Use mathematical induction to prove that $5^{2n+1}$ + $3^{2n+1}$ is divisible by $4$ for all natural numbers $n$.

Question

Use mathematical induction to prove that $5^{2n+1}$ + $3^{2n+1}$ is divisible by $4$ for all natural numbers $n$.

I hope I'm going in the right direction at least. Here is where I got to so far:

When $n = 0$, we have $5^{2(0)+1} + 3^{2(0)+1} = 8$, so statement holds.

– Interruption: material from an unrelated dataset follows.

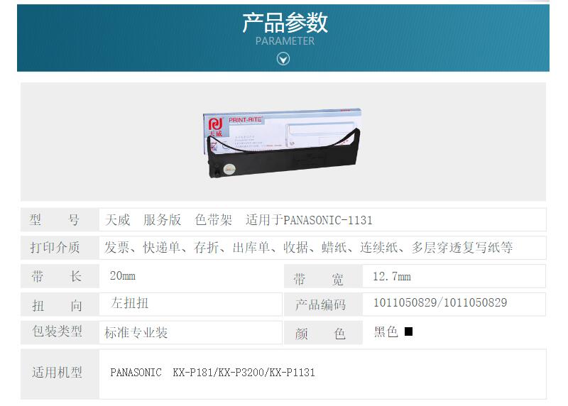 天威(PrintRite) KXP1131 适用于PANASONIC-1131-20m,12.7mm黑左扭架 色带 色带 1.00 盒/支 (计价单位:支) 黑色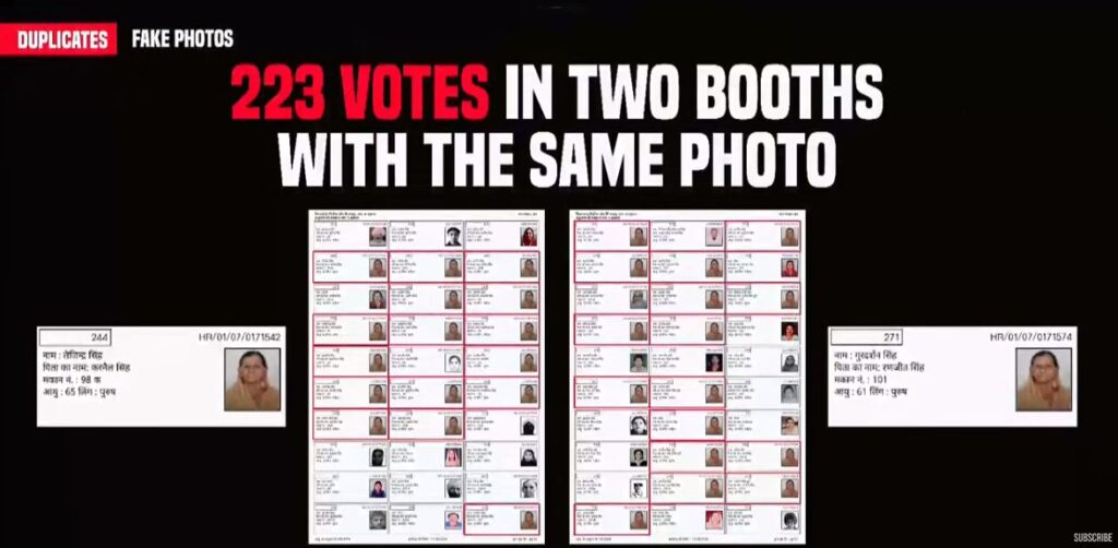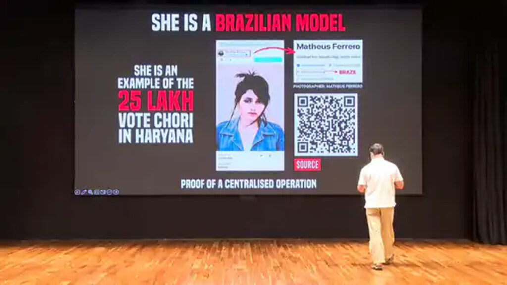हरियाणा में 25 लाख वोटों की चोरी का दावा: राहुल गांधी ने सीधे तौर पर आरोप लगाया कि हरियाणा विधानसभा चुनाव 2024 में 25 लाख वोटों की चोरी हुई है, जिससे कांग्रेस को हार का सामना करना पड़ा। उन्होंने इसे साबित करने के लिए ब्राजीलियन मॉडल की तस्वीर दिखाकर दावा किया कि उसने हरियाणा की वोटर लिस्ट में अलग-अलग नाम और 10 बूथों पर 22 बार वोट डाला।

Assume statement holds for $n = k$.

So $5^{2k+1} + 3^{2k+1} = 4p$ for some $p$

When $n = k + 1$, we have:

$5^{2k+3} + 3^{2k+3}$ which can be rewritten as $(125 \times 5^{2k}) + (27 \times 3^{2k})$

$125 = 4 \times 31 + 1$

$27 = 4 \times 6 + 3$

$(125 \times 5^{2k}) + (27 \times 3^{2k}) = (4 \times 31 + 1) \times 5^{2k} + (4 \times 6 + 3) \times 3^{2k}$

I am trying to take out the factor of $4$, but I'm not sure how to do that correctly, or if that is even the right thing to do.

Answer 1

You are fine up until:

Show $5^{2k+3} + 3^{2k+3}$ is divisible by 4 given $4|5^{2k+1} + 3^{2k+1}$

We want to get the exponents on the left to look as much as possible like the exponents on the right

$(5^2)5^{2k+1} + (3^2)3^{2k+1}\\ (25)5^{2k+1} + (9)3^{2k+1}\\ (24)5^{2k+1} + (8)3^{2k+1}+5^{2k+1} + 3^{2k+1}\\ $

The first two terms are clearly divisible by 4, and the last two, taken together, are divisible by 4 based on the inductive hypothesis.

Answer 2

Hint: do something similar but to $$25 \cdot 5^{2k +1} + 9 \cdot 3^{2k+1} = 16 \cdot 5^{2k +1} + 9 \cdot \left(5^{2k+1} + 3^{2k+1} \right).$$ Why is this divisible by $4$?